Can always mix 50% semi/50% satin to get that certain 'gloss' you want or some ratio.


----------



## Wolfgang (Nov 16, 2008)

I've been following this thread to see what ideas were going to come up. Just about all trim finishes from that era, and up through the early 60's were shellac based finishes. As said, a quick wipe with denatured alcohol will determine if shellac was used. The nice thing about shellac is that it is probably one of the easiest tinted finishes. Most of the time, repeated coats of an amber shellac will match old trim. The tough part of using shellac is the fast dry time when brushing, which is why most of the old-timers applied it with cheese cloth, (no joke). You just have to "cut" it to the right consistency. I've done numerous resto jobs using shellac and have always kept a quart of Bullseye clear and amber handy.


----------



## BrushJockey (Mar 15, 2009)

My plan now^. But I'm going to top it with something sturdier after colored up- Don't want to have to apply a full coat of universal shellac, so will probably go with a reg varnish. Although I'm investigating a waterborn that floor guys use. Have to see if there are compatibility issues.


----------



## DeanV (Apr 18, 2007)

Since you mentioned "universal shellac" I am guessing you are referring to dewaxed shellac. Regular shellac including the Bullseye shellacs have wax on them that can cause adhesion problems if another finish is used over top of it. If this is a sometimes or always problem I do not know, but it might be a good idea to apply a dewaxed shellac if you are switch finishes as a base coat (Zinsser SealCoat is dewaxed).


----------



## jack pauhl (Nov 10, 2008)

On pine/oak. I dont have a photo of the amber.


----------



## BrushJockey (Mar 15, 2009)

Regular varnish ( not poly) will work over reg shellac, to my understanding. The problem of compatibility is with Urethane.


----------



## IHATE_HOMEDEPOT (May 27, 2008)

If they are really that old I would think that they would not be vaneer so you will be able to sand as much as necessary. I have sanded through vaneer and it sucks, looks real bad.
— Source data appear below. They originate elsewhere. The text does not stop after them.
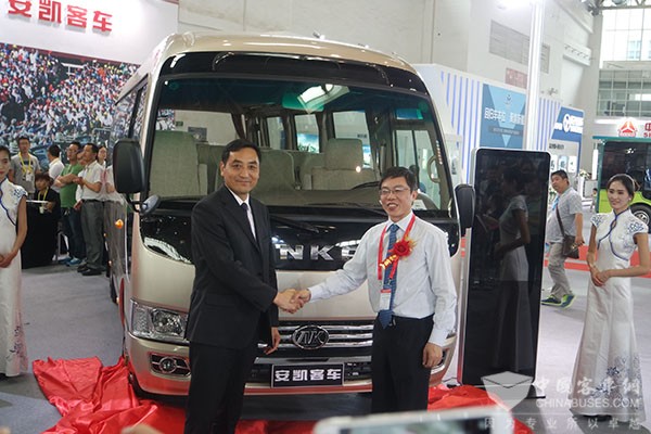 安凯客车董事长戴茂方和交通运输部科学研究院党委书记周晓航共同为宝斯通K7新车上市揭幕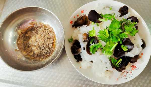 食材:木耳和银耳,油,盐生抽,香醋,蒜末,鸡粉,白糖,料油,香油,香菜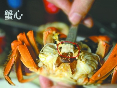 蟹心:黑膜下的“六角板” 中醫常說螃蟹極寒,而蟹心為最。蟹心是一個白色的六角形,它一般位于蟹中央一塊黑色膜衣下。

There used to be a shop by my house that had a huge tank filled with paint stripper, the dude could stick a whole chair in there. It was a furniture restoration shop.


----------



## Metro M & L (Jul 21, 2009)

jack pauhl said:


> On pine/oak. I dont have a photo of the amber.


That guys got a thermometer/humidty gauge in the picture. I usually just check if my b^LLs are sweaty.


----------